DESCRIPTION OF REFERENCE NUMERALS

• • 0100 Lace
  • 0101 Core of knobby portion
  • 0102 End of knobby portion
  • 0103 End
  • 0200 Lace
  • 0201 Core of knobby portion
  • 0202 End of knobby portion
  • 0701 Core of knobby portion
  • 0702 End of knobby portion
  • 0703 Tubular portion
  • 0704 Portion corresponding to knobby portion
  • 0705 Centrally-placed lace
  • 1201 Core of knobby portion
  • 1202 End of knobby portion

Claims

1. A lace comprising:

a tubular lace body comprising a plurality of knobby portions and a plurality of tube portions;

the knobby portions repeatedly placed at intervals along the length of said body, each of said knobby portions comprising a diameter and separated from one another by a distance defining said intervals, the tube portions placed at the intervals and adjacent to the knobby portions; and

a centrally-placed lace being centrally placed within the tube portions and the knobby portions of the tubular lace body, the centrally-placed lace defining a plurality of cores balled up within each of said knobby portions and extending within said tube portions;

said tubular lace body is comprised of a first elastic material and a second fiber material;

wherein the second material comprises an elasticity that is less than the elasticity of a first material; and

wherein when said lace is placed under tension, said diameters of said knobby portions and said tube portions each undergo a variation.

2. The lace according to claim 1, wherein the elastic material is braided by the first material and the second material.

3. The lace according to claim 1, wherein the diameter of the knobby portion of the lace body is 1.5 times or more of that of a non-knobby portion of the lace body without tension in the axial direction.

4. The lace according to claim 1, wherein the diameter of the knobby portion of the lace body is 1.3 times or less of that of the non-knobby portion of the lace body under tension in the axial direction.

5. The lace according to claim 2, wherein the lace body is braided at 45 degrees angle to the axial direction.

6. The lace according to claim 2, wherein the diameter of the knobby portion of the lace body is 1.5 times or more of that of a non-knobby portion of the lace body without tension in the axial direction.

7. The lace according to claim 2, wherein the diameter of the knobby portion of the lace body is 1.3 times or less of that of the non-knobby portion of the lace body under tension in the axial direction.

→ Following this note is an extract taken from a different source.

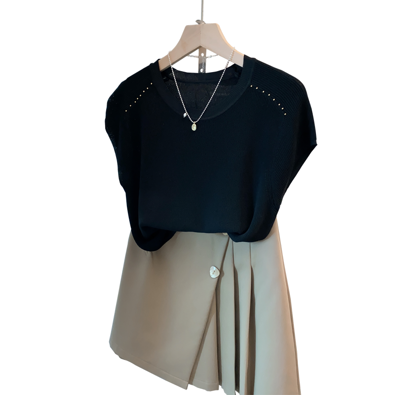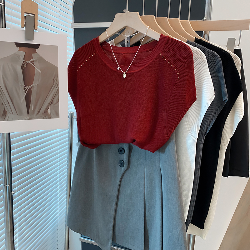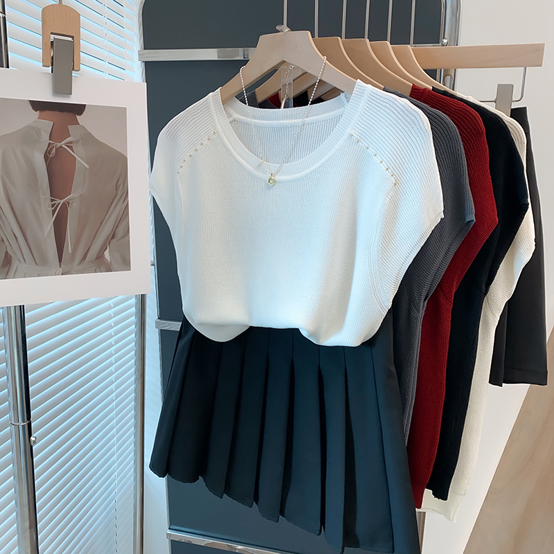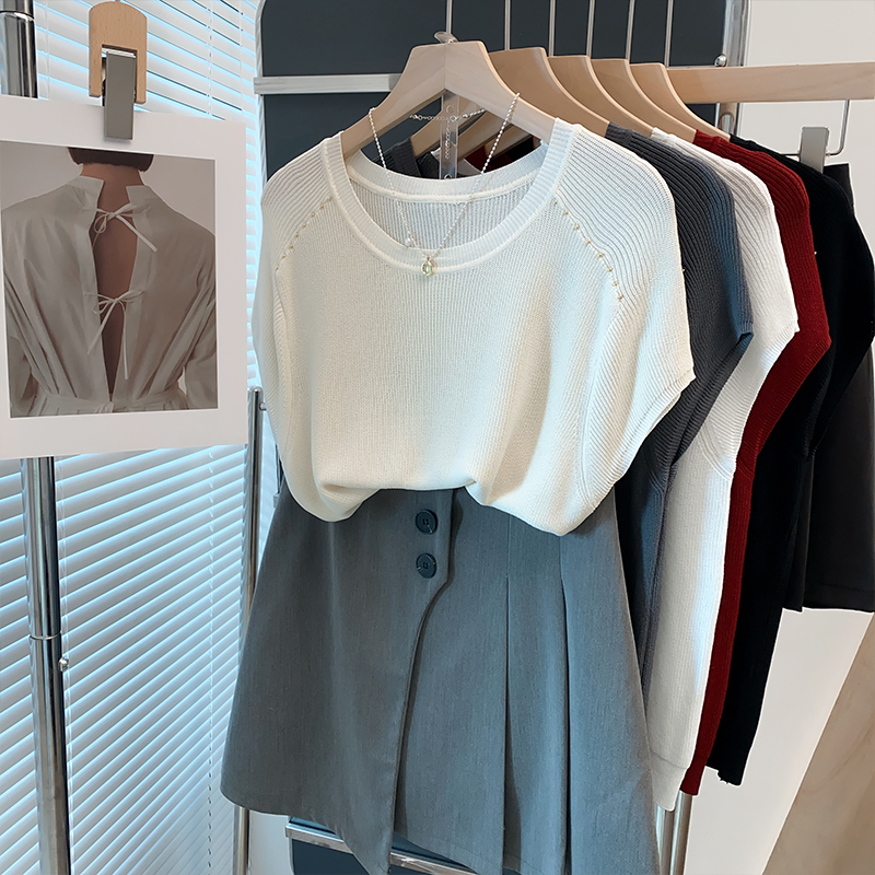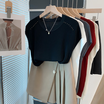钉珠飞飞袖冰丝针织衫女薄t恤衫

8. The lace according to claim 3, wherein the diameter of the knobby portion of the lace body is 1.3 times or less of that of the non-knobby portion of the lace body under tension in the axial direction.

9. The lace according to claim 2, wherein the diameter of the knobby portion of the lace body is 1.5 times or more of that of a non-knobby portion of the lace body without tension in the axial direction, and

wherein the lace body is braided at 45 degrees angle to the axial direction.

10. The lace according to claim 2, wherein the diameter of the knobby portion of the lace body is 1.3 times or less of that of the non-knobby portion of the lace body under tension in the axial direction, and

wherein the lace body is braided at 45 degrees angle to the axial direction.

11. The lace according to claim 1, wherein the lace is configured to be materials selected from the group consisting of rubber tubing, inelastic materials, and a combination thereof, the inelastic materials comprising materials selected from the group consisting of polyester, nylon, acryl, polyurethane, and any combination thereof.